Вахтенные переглянулись и бросились в люк, за ними последовал Джон. Он немного задержался, хотел, видимо, что-то сказать, но передумал и только пожал плечами.

Я медленно обводил биноклем горизонт и наконец — впервые в жизни — увидел Берег скелетов. Но почти в ту же минуту я заметил и другое: мутную воду там, впереди, куда стремилась «Форель». Мутную воду, предвещавшую гибель на песчаной отмели! Я мог даже рассмотреть, как в струях воды, отбрасываемой винтами, завихряется песок.

— Обе машины стоп! — скомандовал я. — Полный назад!

«Форель» замедлила ход, и туча песка пронеслась вдоль корпуса лодки.

— Глубина под нами? — спросил я.

— Тридцать футов, сэр. Тридцать!

Нетвердой рукой я взял карту, взглянул на нее и вздрогнул. Я понял, что чуть не посадил «Форель» на северо-западную оконечность отмели Алекто.

— Обе машины стоп! — вновь приказал я. — Глубина?

— Сто двадцать футов, сэр.

Что ж, это уже не так опасно...

«Форель» медленно пошла вокруг отмели. Спустя некоторое время я повел ее в сторону открытого моря. Затем вновь изменил курс, направляясь ближе к берегу.

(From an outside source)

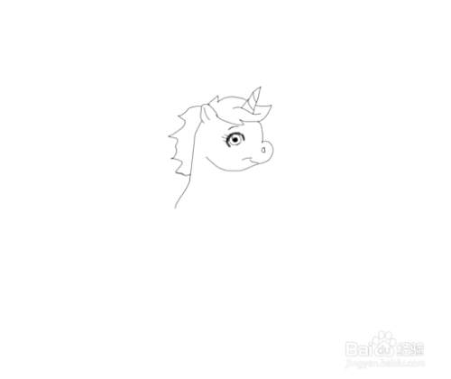 再在毛发好犄角的基础上再画出独角兽的头部和嘴巴,如图所示:
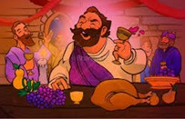 One-act-play: The parable is presented as a one act play with two scenes. The opening scene presents the luxurious life of the rich man in costly dress, enjoying five course meals every day, in contrast to the miserable life of the poor, sick beggar living in the street by the rich man’s front door, competing with stray dogs for the crumbs discarded from the rich man’s dining table. The name ‘Lazarus’ means ‘God is my help.’ Despite a life of misfortune and suffering, Lazarus does not lose hope in God. As the curtain goes up for the second scene, the situation is reversed. The beggar Lazarus is enjoying Heavenly bliss as a reward for his fidelity to God in his poverty and suffering, while the rich man is thrown down into the excruciating suffering of Hell as punishment for not doing his duty of showing mercy to the poor, sharing with the beggar at his door the mercies and blessings God has given him.

Сам остров — объект наших мучительных поисков — должен был находиться близ скалы Саймона, а скала, судя по указанному на карте пеленгу, — в точке, соответствующей 330 градусам по отношению к трехглавому холму. Мы подошли к этому месту, я приказал остановить машины и внимательно осмотрел морскую поверхность вплоть до побережья... Ни скалы, ни прибоя, никаких признаков острова... Ничего! Теперь я уже стал сомневаться и в происхождении того шума, который так легкомысленно принял за шум гидрореактивного движителя АПЛ1...

Я снова осмотрел море и проклял все на свете: и Берег скелетов, и АПЛ1, и тех, кто поручил мне это невыполнимое задание. «Надо как можно скорее убираться из этих проклятых мест», — с озлоблением подумал я и в эту минуту увидел скалу. Густо покрытая гуано, она, как клык, торчала слева от нас, в нескольких стах ярдах.

«Форель» сделала медленный круг и направилась к тому месту, где я предполагал найти вход во внутреннюю гавань.

— Глубина уменьшается, сэр, — доложил Джон.

Я пометил на карте точку, где сейчас шла «Форель». Если верить записям Саймона, глубина достигала здесь ста восьмидесяти футов.

— Сто восемьдесят футов, сэр. Гидрофон не фиксирует никаких шумов... Три узла... Сто шестьдесят два фута... Сто пятьдесят... Сто тридцать восемь... Гидрофон фиксирует препятствия слева, справа, спереди... Никаких помех сзади...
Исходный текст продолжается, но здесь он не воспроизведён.